Se me quebró la voz a media retahíla. Alguien irrumpió en la habitación de forma abrupta.
Para cuando me di cuenta, mi madre me sostenía en sus brazos y, de fondo, escuchaba las voces de Daryel y su padre; Ashton no se aparecía casi nunca por mi vida; vivía en Colorado. Pero había sido muy amigo de mi padre (actualmente, era al apoderado de mi madre). Era abogado corporativo también.
—Creemos que ha sido suficiente —señaló, con voz impasible—. Si ya tienen un sospechoso no hay más de qué hablar. La condición de mi sobrina no es apta para repetir lo que sucedió. —La fricción de papel llenó el espacio y luego la voz de mi tío de nueva cuenta—. Tenemos la orden de restricción para Eíza Singh. Falta que giren la orden…

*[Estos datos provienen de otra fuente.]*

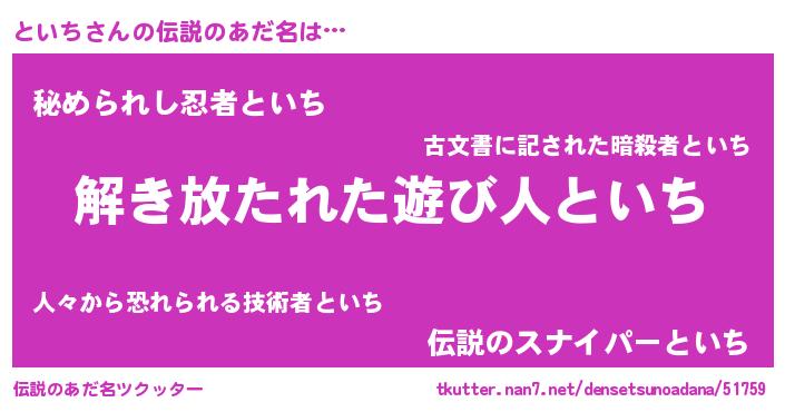 | 男性向けラノベタイトル風あだ名 | 『魔弾の王とといち』 |

—La declaración de su sobrina es contundente —lo interrumpió el agente—, pero Cristin Lambert no ha dicho una sola palabra. El psiquiatra vendrá para hacer una evaluación.
Mi madre me ayudó a levantarme. Daryel y su papá se quedaron en la oficina de interrogaciones. Al tiempo que me abrazaba a mí misma, eché un vistazo alrededor. No sabía si buscaba a Cristin, o si de verdad esperaba que algún policía entrara en el departamento con Eíza esposado por las manos.
Era algo perturbador, pero tenía muchas ganas de ver su rostro; me pregunté cómo se sentía. Me pregunté qué le había pasado por la mente ahora que no vería jamás a su hijo. Porque, aunque nadie quisiera aceptarlo, él era el culpable. Si alguien asesinó a Nash, no fue Cristin dos días antes. No. Su padre le mató poco a poco: porque le envenenó el alma y le ayudó a quedarse revestido de pesadillas. Lo obligó a seguir su ejemplo. Lo entregó por completo a la destrucción.
El ser humano es así de complejo; a veces, cuando le tienes miedo al cambio, te ahogas en tus propios demonios. Quizás Nash no padecía depresión ni ningún trastorno clínico, pero nada en él era correcto. Ni la forma en la que amaba ni la manera en la que podía, de proponérselo, destruir a otros.